» **Task prompt**: Everything in the data should be repeated exactly, save for the images.

******

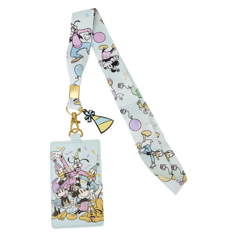 Get the confetti ready! Join in on the festivities with our Loungefly Disney Mickey Mouse and Friends Birthday Celebration Lanyard with Card Holder. On the front, you’ll see that the whole gang has gathered, with their part hats on, including Goofy, Mickey Mouse, Minnie Mouse, Donald Duck, Daisy Duck, and Pluto. On the reverse side of the card holder, there’s a clear slot for displaying your ID. A silicone charm of a party hat tops off the look, and the printed lanyard strap carries a celebratory motif of balloons, confetti, and Mickey and friends. Take the party with you wherever you go with this fun accessory.
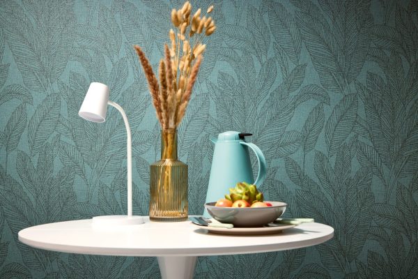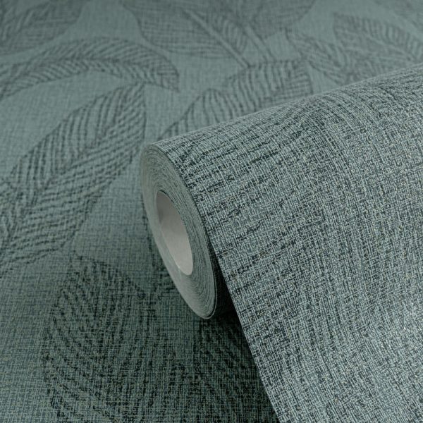 Medidas: 10,05 m x 0,53 m. Case: 64 cm (case recto). Calidad: Tejido no tejido. Estilo: Papel pintado estilo vintage con motivos de hojarasca en color verde turquesa con efecto metalizado. Acabado de textura ligera.
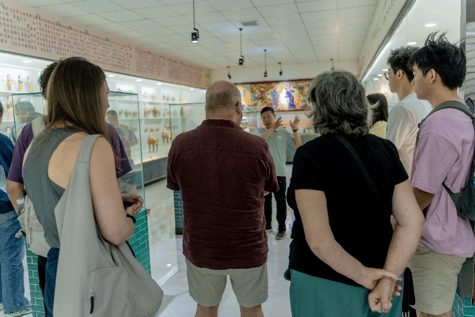 上午,师生团队抵达西安市非物质文化遗产唐三彩烧制技艺保护传习所。技艺传承人李建鹏老师热情接待并讲解,他从唐三彩的历史渊源、工艺演变到其在丝绸之路上的文化交流作用,娓娓道来。展览馆内,驼队陶俑、仕女俑等文物生动还原了古代商旅往来长安的盛景;现代创新作品则展现了非遗技艺在当代设计中的巧妙融合。外籍教师们驻足于“丝绸之路主题展区”,通过一件件釉色斑斓的陶器,直观感受到唐代对外开放的辉煌历史,不停发出感叹。
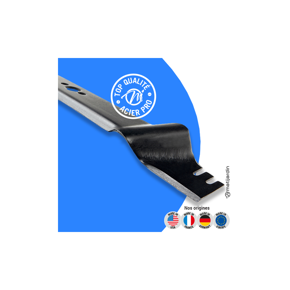 Astuce remontage. Au remontage, attention au sens de montage de la lame ! Pour la plupart des modèles de tondeuse, le côté plat du tranchant de la lame (illustration 2) doit se retrouver côté pelouse. Soyez vigilant, la partie coupante de votre lame peut vite vous envoyer aux urgences ! Matijardin vous conseille d’utiliser des gants.
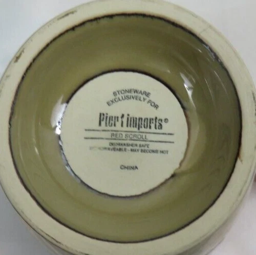 Today I have up for consideration a Pier 1 Imports Coffee Mug. This piece is 5" Tall and 4-1/8" in Diameter at the Rim. This piece is in the Red Scroll Pattern. This piece is Brown and Red with a Red Scroll Pattern. This piece holds 14 oz. To see similar items like this, check out our Store at the bottom of the page or Click "Visit Store" below our name on the right side of the page. Not all items show up in the E-Bay search! At DemiQ-Dishes-N-More we believe that our buyers deserve quality merchandise at a reasonable price, with all the information needed in order to make an inform decision! DemiQ-Dishes-N-More Offers next day shipping, Hassle Free returns & 100% satisfaction guarantee, so you can buy with confidence! We provide Replacement China, Dinnerware, Stoneware, Glass Ware, Collectibles & a wide Variety of other items. We hope you enjoy what you see & we hope to see you again soon! If you like what you see please add us to your list of favorite sellers. Thank you for your business! Package weight: 2 - lbs. Weight includes item(s). box, bubble wrap & packing materials. NOTE: I DO NOT set the shipping rate That is done By The USPS! Shipping cost is based on Location & weight of the package! PLEASE review the shipping cost BEFORE you buy!!!! I pack all fragile pieces well, however some pieces are VERY FRAGILE & I have no control on how packages are handled after they leave my possession, if something does break during delivery, I will request pictures of the broken item (s) before I will offer a refund. Positive feedback is sent as soon as positive feedback is received! Thank you for your time & Purchase!
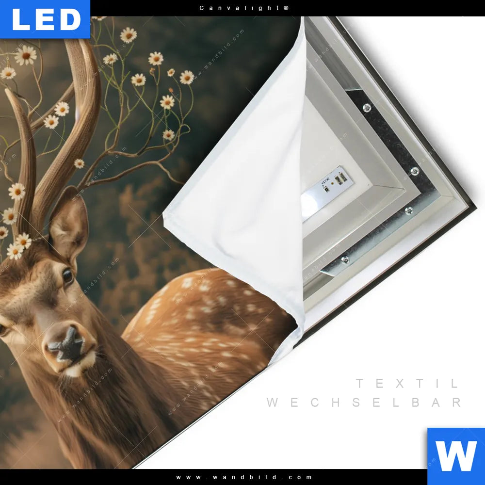 Canvalight® TEX Leuchtbild | Magischer Hirsch im Waldrand | Querformat
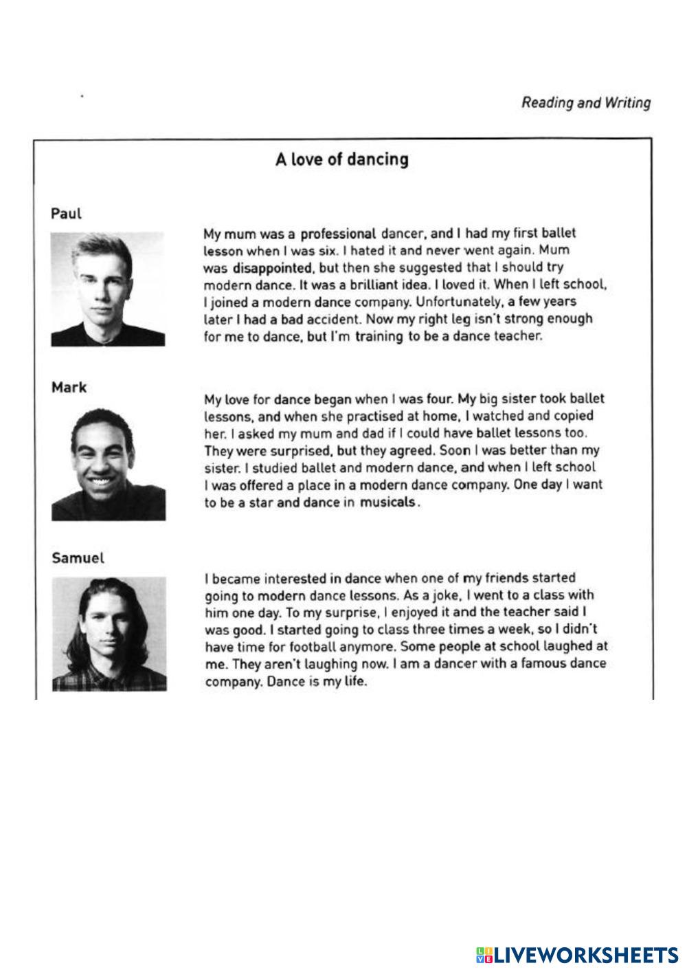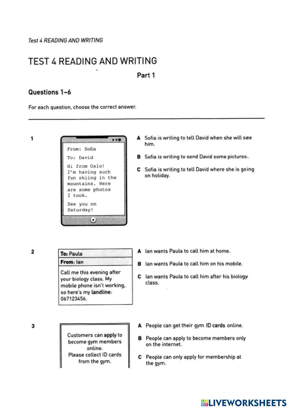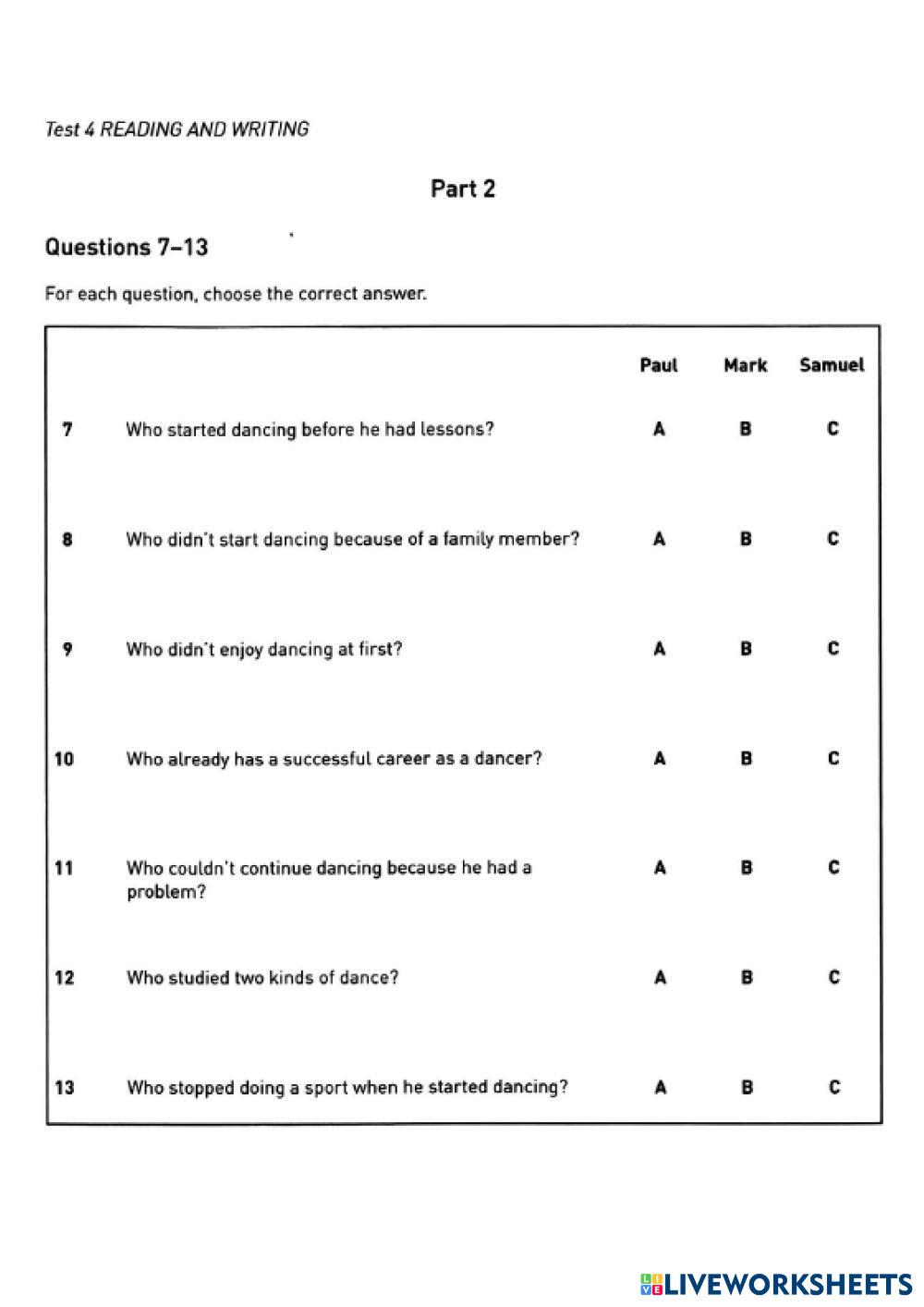 Created by melin123 English as a Second Language (ESL) READING AND WRITING Age 10-16 level: A2 Key for school Spanish Author's Instructions My Google Classroom Courses × 0 classes selected (0 students total) Quick Access Select all classes (0 classes) All Classes Loading courses... Cancel Share Share to selected Course __COURSE_NAME__ __STUDENT_NAME__ (__STUDENT_EMAIL__) A2 Key for school Test 2 Part 2 Download Worksheet Validation Check my answers Emails my answers to my teacher Full name Group/level School subject Teacher's email or key code Close Submit Validating worksheet... (12) Your answers have been sent to your teacher. Good luck! OK We encountered an error submitting your answers. Please try again. OK Advertisement | Go Ad Free Created by melin123 English as a Second Language (ESL) READING AND WRITING Age 10-16 level: A2 Key for school Spanish Author's Instructions

******

» **Answer to this task**:
 Get the confetti ready! Join in on the festivities with our Loungefly Disney Mickey Mouse and Friends Birthday Celebration Lanyard with Card Holder. On the front, you’ll see that the whole gang has gathered, with their part hats on, including Goofy, Mickey Mouse, Minnie Mouse, Donald Duck, Daisy Duck, and Pluto. On the reverse side of the card holder, there’s a clear slot for displaying your ID. A silicone charm of a party hat tops off the look, and the printed lanyard strap carries a celebratory motif of balloons, confetti, and Mickey and friends. Take the party with you wherever you go with this fun accessory.
 Medidas: 10,05 m x 0,53 m. Case: 64 cm (case recto). Calidad: Tejido no tejido. Estilo: Papel pintado estilo vintage con motivos de hojarasca en color verde turquesa con efecto metalizado. Acabado de textura ligera.
 上午,师生团队抵达西安市非物质文化遗产唐三彩烧制技艺保护传习所。技艺传承人李建鹏老师热情接待并讲解,他从唐三彩的历史渊源、工艺演变到其在丝绸之路上的文化交流作用,娓娓道来。展览馆内,驼队陶俑、仕女俑等文物生动还原了古代商旅往来长安的盛景;现代创新作品则展现了非遗技艺在当代设计中的巧妙融合。外籍教师们驻足于“丝绸之路主题展区”,通过一件件釉色斑斓的陶器,直观感受到唐代对外开放的辉煌历史,不停发出感叹。
 Astuce remontage. Au remontage, attention au sens de montage de la lame ! Pour la plupart des modèles de tondeuse, le côté plat du tranchant de la lame (illustration 2) doit se retrouver côté pelouse. Soyez vigilant, la partie coupante de votre lame peut vite vous envoyer aux urgences ! Matijardin vous conseille d’utiliser des gants.
 Today I have up for consideration a Pier 1 Imports Coffee Mug. This piece is 5" Tall and 4-1/8" in Diameter at the Rim. This piece is in the Red Scroll Pattern. This piece is Brown and Red with a Red Scroll Pattern. This piece holds 14 oz. To see similar items like this, check out our Store at the bottom of the page or Click "Visit Store" below our name on the right side of the page. Not all items show up in the E-Bay search! At DemiQ-Dishes-N-More we believe that our buyers deserve quality merchandise at a reasonable price, with all the information needed in order to make an inform decision! DemiQ-Dishes-N-More Offers next day shipping, Hassle Free returns & 100% satisfaction guarantee, so you can buy with confidence! We provide Replacement China, Dinnerware, Stoneware, Glass Ware, Collectibles & a wide Variety of other items. We hope you enjoy what you see & we hope to see you again soon! If you like what you see please add us to your list of favorite sellers. Thank you for your business! Package weight: 2 - lbs. Weight includes item(s). box, bubble wrap & packing materials. NOTE: I DO NOT set the shipping rate That is done By The USPS! Shipping cost is based on Location & weight of the package! PLEASE review the shipping cost BEFORE you buy!!!! I pack all fragile pieces well, however some pieces are VERY FRAGILE & I have no control on how packages are handled after they leave my possession, if something does break during delivery, I will request pictures of the broken item (s) before I will offer a refund. Positive feedback is sent as soon as positive feedback is received! Thank you for your time & Purchase!
 Canvalight® TEX Leuchtbild | Magischer Hirsch im Waldrand | Querformat
 Created by melin123 English as a Second Language (ESL) READING AND WRITING Age 10-16 level: A2 Key for school Spanish Author's Instructions My Google Classroom Courses × 0 classes selected (0 students total) Quick Access Select all classes (0 classes) All Classes Loading courses... Cancel Share Share to selected Course __COURSE_NAME__ __STUDENT_NAME__ (__STUDENT_EMAIL__) A2 Key for school Test 2 Part 2 Download Worksheet Validation Check my answers Emails my answers to my teacher Full name Group/level School subject Teacher's email or key code Close Submit Validating worksheet... (12) Your answers have been sent to your teacher. Good luck! OK We encountered an error submitting your answers. Please try again. OK Advertisement | Go Ad Free Created by melin123 English as a Second Language (ESL) READING AND WRITING Age 10-16 level: A2 Key for school Spanish Author's Instructions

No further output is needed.